Through YC, the GradeWhiz team gained access to weekly guidance from Tom Blomfield, founder of Monzo Bank, and met leaders like OpenAI’s Greg Brockman, Airbnb’s Brian Chesky and Twitch co-founder Michael Seibel. 

“The network is life-changing,” Bohun said.

Though the product is still in development, major technical hurdles have largely been overcome.

 “A few years ago, AI couldn’t handle handwritten input,” Bohun explained. “Now, we’re at the point where we can process virtually any student submission.” According to Bohun, the current focus is to keep improving the experience for users while expanding the platform to meet rising demand. 

When asked about academic integrity and bias, Bohun emphasized that GradeWhiz may offer an improvement over human grading by eliminating bias.

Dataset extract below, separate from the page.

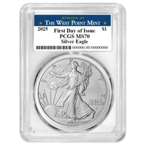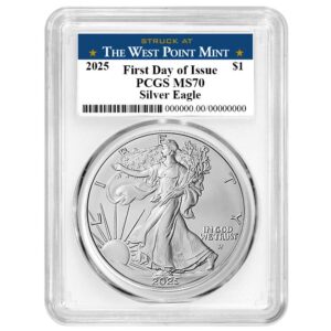 2025 $1 1-oz American Silver Eagle PCGS MS70 FDOI West Point Label Blue Frame

“AI doesn’t know which student it’s grading. That removes unconscious bias from the equation,” Bohun said. “And we work under strict zero-data retention agreements, so student work isn’t stored or reused.”

While the grading automation market is still in its infancy, GradeWhiz sees its main competition not in other startups, but in the pen-and-paper systems many teachers still use. However, Bohun thinks that Gradewiz is “way ahead of paper.”

In the next five to ten years, the team envisions GradeWhiz as the go-to AI assistant for teachers everywhere, allowing educators to “focus on what really matters: teaching, mentoring, and connecting with their students.”  Everything else, we’ll handle.”

As artificial intelligence continues to evolve, the team sees tools like GradeWhiz not as replacements for teachers, but as allies, streamlining routine tasks so that educators can focus on what really matters: connecting with students.  And so, what started as a TA’s inconvenience could reflect the future of education.